▶ Problem statement: Pictures excluded, output exactly the lines from the one containing "NBA常规赛,全明星假期过后" through the last line of the listing below.

--- Excerpted data Enclosed Below ---

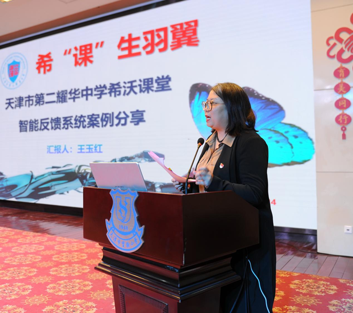 此外,第二耀華中學的王玉紅主任和漢陽道中學的高媛媛老師,分別圍繞《天津市第二耀華中學希沃課堂智能反饋系統(tǒng)案例分享》、《課堂智能分析數(shù)據(jù)的應用—以物理組為例》,全面展示了希沃課堂智能反饋系統(tǒng)的魅力——包括其如何幫助教師實現(xiàn)從經(jīng)驗教學向循證教學的轉(zhuǎn)變、如何實現(xiàn)校本教研的高效融合。
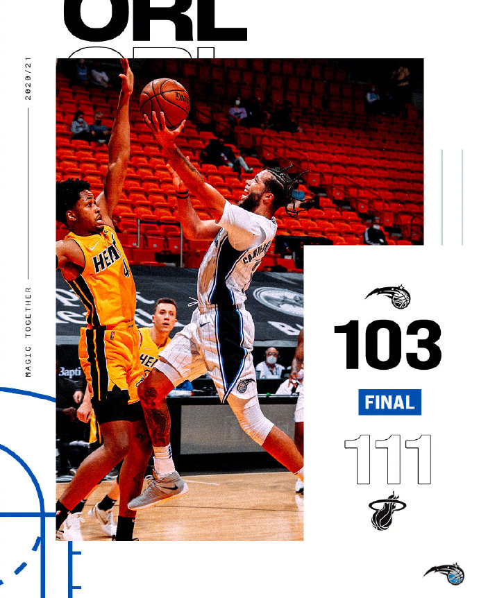 NBA常规赛,全明星假期过后,五连败的魔术奔赴迈阿密客场挑战热火,后者状态正盛,上一场击败鹈鹕取得近十场比赛的第七场胜利,目前位居东部第六。前者上一场惨遭老鹰逆转,遭遇五连败,目前排名东部倒数第二。本场比赛阿德巴约、富尼耶、特伦斯-罗斯因伤缺战,莱昂纳德因为不当言论被禁赛一周,阿隆-戈登则迎来复出。首节缺阵15场后复出的阿隆戈登表现不俗,开局连续得分为球队鼓舞士气。热火13中6的三分球一度为球队取得7分领先,但节末被魔术打出9-0攻击波将比分反超。次节开局,双方命中率都不高,后半段双方开始互飙三分,两队始终保持交替领先的状态,谁也没能拉开分差。凭借半场11记三分的出色手感,热火微微领先结束上半场。易边再战,双方轮流打出高潮,魔术培根突然发力,一人连得8分帮助球队反超比分,随即被热火反打一波6-0。随后双方展开拉锯战,最终以82平进入第四节决战。末节上来,魔术依靠武切维奇在内线的优势和牵制力以及培根的火热手感不停取分,热火则在巴特勒的率领下稳扎稳打始终保持着领先优势,并在最后一分钟将分差拉开到10分,最终魔术客场不敌热火,苦吞六连败。
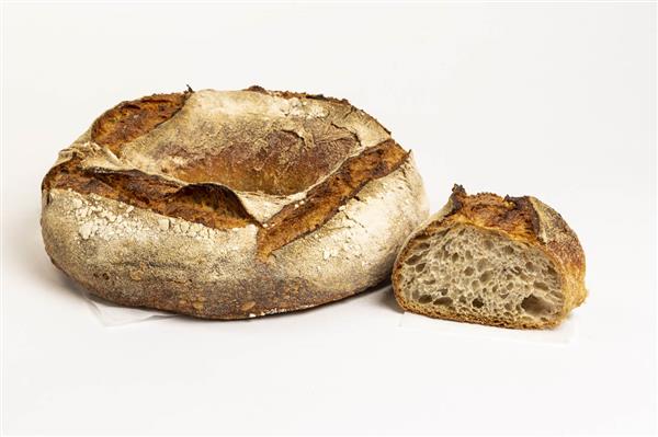 Rosca tradicional en forma de corona con corteza muy crujiente y miga húmeda con profundo sabor a cereal. Pan de larga fermentación con masa madre
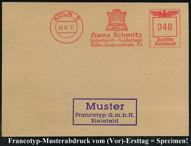 9226 | 35 € | 5000 KÖLN (Absender-Freistempel) : KÖLN 7/ Leder-Schmitz/ Köln/ Hans Schmitz/ Lederfabrik.. 1937 (29.12.) AFS-Musterabdruck Francotyp "Reichsadler" (Logo: Tierhaut) glasklar gest. Francotyp-Musterblatt vom (Vor)-Ersttag !, selten! (Dü.E-5CG) | ![]() ![]() | |
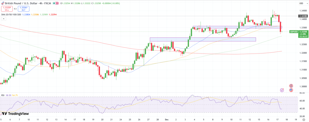 The British pound plummeted towards the US Greenback on Wednesday following the weaker-than-anticipated UK inflation figures in November. The GBP/USD pair fell by over 0.5% in the direction of the 1.3310 area, defying Tuesday’s good points when the pair briefly went above 1.3450.
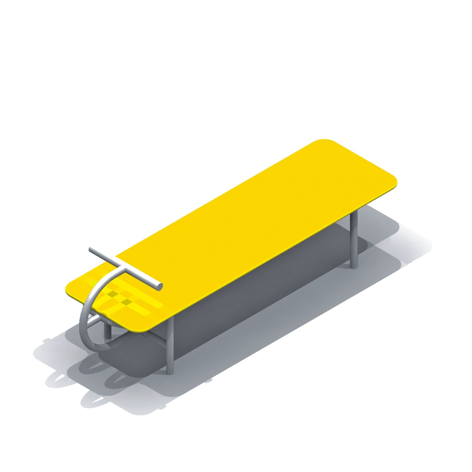 На металлический каркас из профильной трубы устанавливается влагостойкий фанерный настил со скругленными углами, приваривается упор. При подъеме и опускания туловища ноги подростка фиксируются упором.
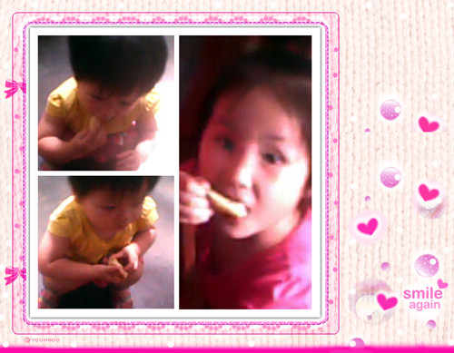把锅加热,放适量的油,油热放上饺子煎一会,在翻过来煎一会,煎至两面金黄,就差不多熟了。看看吧,好香呀。可以开动了, 那些就由婆婆煮了,要等公公和老公回来了才弄呢。所以我和孩子们就先吃上了。 没想到孩子也好这一口呀。都吃的津津有味的。
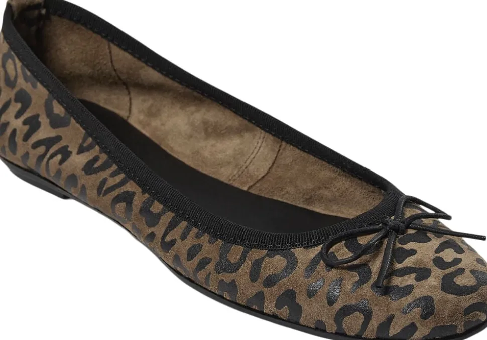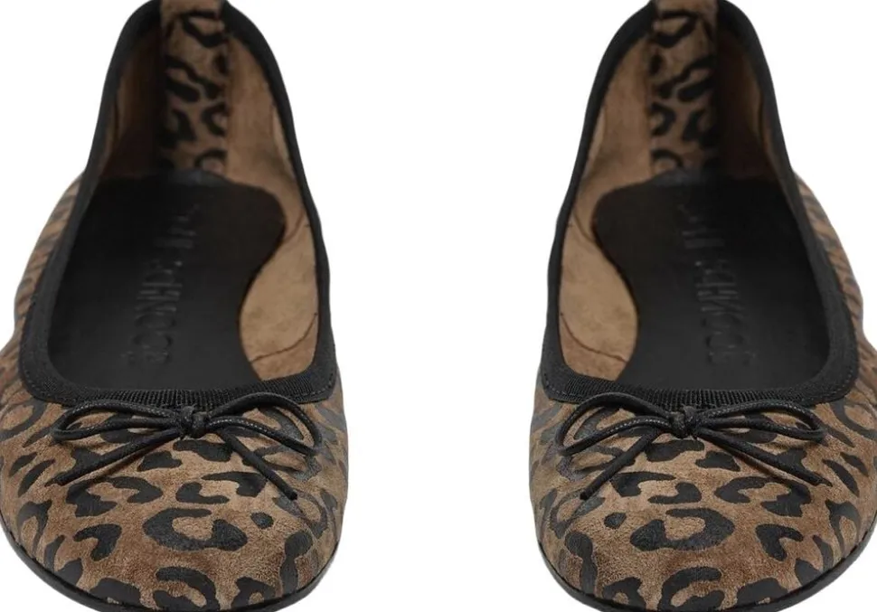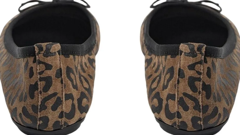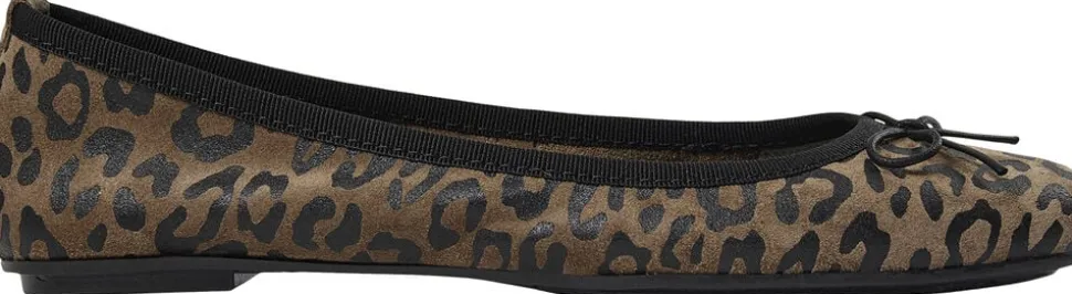 Sød ballerinasko i smuk leo print med sløjfe over vristen. Skoen er designet i 100% læder med gummisål

--- End of Enclosed Excerpted data ---

▶ Answer area:
 NBA常规赛,全明星假期过后,五连败的魔术奔赴迈阿密客场挑战热火,后者状态正盛,上一场击败鹈鹕取得近十场比赛的第七场胜利,目前位居东部第六。前者上一场惨遭老鹰逆转,遭遇五连败,目前排名东部倒数第二。本场比赛阿德巴约、富尼耶、特伦斯-罗斯因伤缺战,莱昂纳德因为不当言论被禁赛一周,阿隆-戈登则迎来复出。首节缺阵15场后复出的阿隆戈登表现不俗,开局连续得分为球队鼓舞士气。热火13中6的三分球一度为球队取得7分领先,但节末被魔术打出9-0攻击波将比分反超。次节开局,双方命中率都不高,后半段双方开始互飙三分,两队始终保持交替领先的状态,谁也没能拉开分差。凭借半场11记三分的出色手感,热火微微领先结束上半场。易边再战,双方轮流打出高潮,魔术培根突然发力,一人连得8分帮助球队反超比分,随即被热火反打一波6-0。随后双方展开拉锯战,最终以82平进入第四节决战。末节上来,魔术依靠武切维奇在内线的优势和牵制力以及培根的火热手感不停取分,热火则在巴特勒的率领下稳扎稳打始终保持着领先优势,并在最后一分钟将分差拉开到10分,最终魔术客场不敌热火,苦吞六连败。
 Rosca tradicional en forma de corona con corteza muy crujiente y miga húmeda con profundo sabor a cereal. Pan de larga fermentación con masa madre
 9226 | 35 € | 5000 KÖLN (Absender-Freistempel) : KÖLN 7/ Leder-Schmitz/ Köln/ Hans Schmitz/ Lederfabrik.. 1937 (29.12.) AFS-Musterabdruck Francotyp "Reichsadler" (Logo: Tierhaut) glasklar gest. Francotyp-Musterblatt vom (Vor)-Ersttag !, selten! (Dü.E-5CG) | ![]() ![]() | |
 The British pound plummeted towards the US Greenback on Wednesday following the weaker-than-anticipated UK inflation figures in November. The GBP/USD pair fell by over 0.5% in the direction of the 1.3310 area, defying Tuesday’s good points when the pair briefly went above 1.3450.
 На металлический каркас из профильной трубы устанавливается влагостойкий фанерный настил со скругленными углами, приваривается упор. При подъеме и опускания туловища ноги подростка фиксируются упором.
把锅加热,放适量的油,油热放上饺子煎一会,在翻过来煎一会,煎至两面金黄,就差不多熟了。看看吧,好香呀。可以开动了, 那些就由婆婆煮了,要等公公和老公回来了才弄呢。所以我和孩子们就先吃上了。 没想到孩子也好这一口呀。都吃的津津有味的。
 Sød ballerinasko i smuk leo print med sløjfe over vristen. Skoen er designet i 100% læder med gummisål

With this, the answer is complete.